Data extracts START

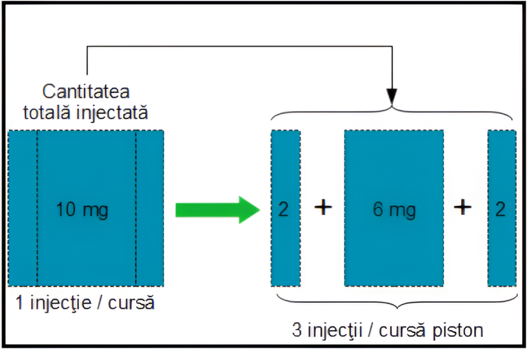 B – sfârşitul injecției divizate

Data extracts END
Data extracts START

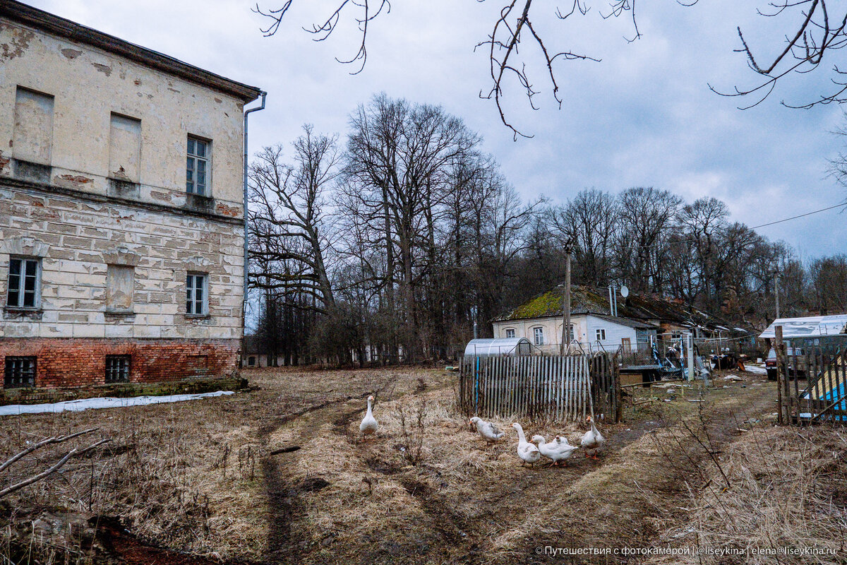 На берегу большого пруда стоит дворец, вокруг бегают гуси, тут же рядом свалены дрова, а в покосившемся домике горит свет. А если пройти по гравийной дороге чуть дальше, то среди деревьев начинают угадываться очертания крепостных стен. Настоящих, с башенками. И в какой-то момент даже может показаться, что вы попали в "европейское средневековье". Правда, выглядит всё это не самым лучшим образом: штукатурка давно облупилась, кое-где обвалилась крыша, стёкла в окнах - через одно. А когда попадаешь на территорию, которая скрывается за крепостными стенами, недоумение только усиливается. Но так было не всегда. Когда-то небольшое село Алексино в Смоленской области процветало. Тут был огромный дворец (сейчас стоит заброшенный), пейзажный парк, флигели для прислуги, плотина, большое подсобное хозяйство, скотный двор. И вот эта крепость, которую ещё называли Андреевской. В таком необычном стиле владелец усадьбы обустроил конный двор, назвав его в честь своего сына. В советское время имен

Data extracts END
Data extracts START

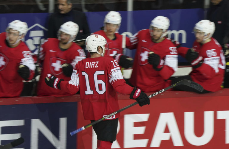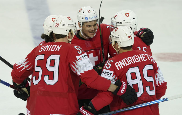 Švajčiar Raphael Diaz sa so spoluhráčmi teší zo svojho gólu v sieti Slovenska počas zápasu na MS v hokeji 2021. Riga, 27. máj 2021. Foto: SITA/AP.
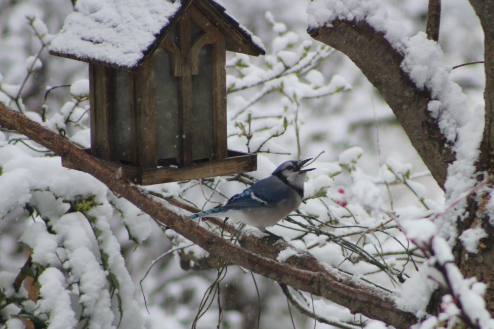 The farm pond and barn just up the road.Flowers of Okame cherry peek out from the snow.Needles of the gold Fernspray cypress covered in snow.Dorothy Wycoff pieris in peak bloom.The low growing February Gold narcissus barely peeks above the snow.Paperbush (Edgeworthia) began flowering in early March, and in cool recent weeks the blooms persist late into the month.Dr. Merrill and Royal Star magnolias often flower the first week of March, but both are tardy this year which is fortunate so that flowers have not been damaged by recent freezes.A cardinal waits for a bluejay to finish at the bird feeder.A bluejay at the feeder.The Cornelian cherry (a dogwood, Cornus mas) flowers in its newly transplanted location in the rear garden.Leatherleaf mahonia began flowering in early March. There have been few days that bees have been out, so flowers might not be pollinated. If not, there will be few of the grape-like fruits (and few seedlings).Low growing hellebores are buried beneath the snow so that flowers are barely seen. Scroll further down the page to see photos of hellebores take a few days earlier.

Data extracts END

* [What to do] Skipping the pictures, print the lines in the listing above exactly as written, starting at the line with "Švajčiar Raphael Diaz" and ending at the line with "The farm pond", both included.

* [Response to the exercise]
 Švajčiar Raphael Diaz sa so spoluhráčmi teší zo svojho gólu v sieti Slovenska počas zápasu na MS v hokeji 2021. Riga, 27. máj 2021. Foto: SITA/AP.
 The farm pond and barn just up the road.Flowers of Okame cherry peek out from the snow.Needles of the gold Fernspray cypress covered in snow.Dorothy Wycoff pieris in peak bloom.The low growing February Gold narcissus barely peeks above the snow.Paperbush (Edgeworthia) began flowering in early March, and in cool recent weeks the blooms persist late into the month.Dr. Merrill and Royal Star magnolias often flower the first week of March, but both are tardy this year which is fortunate so that flowers have not been damaged by recent freezes.A cardinal waits for a bluejay to finish at the bird feeder.A bluejay at the feeder.The Cornelian cherry (a dogwood, Cornus mas) flowers in its newly transplanted location in the rear garden.Leatherleaf mahonia began flowering in early March. There have been few days that bees have been out, so flowers might not be pollinated. If not, there will be few of the grape-like fruits (and few seedlings).Low growing hellebores are buried beneath the snow so that flowers are barely seen. Scroll further down the page to see photos of hellebores take a few days earlier.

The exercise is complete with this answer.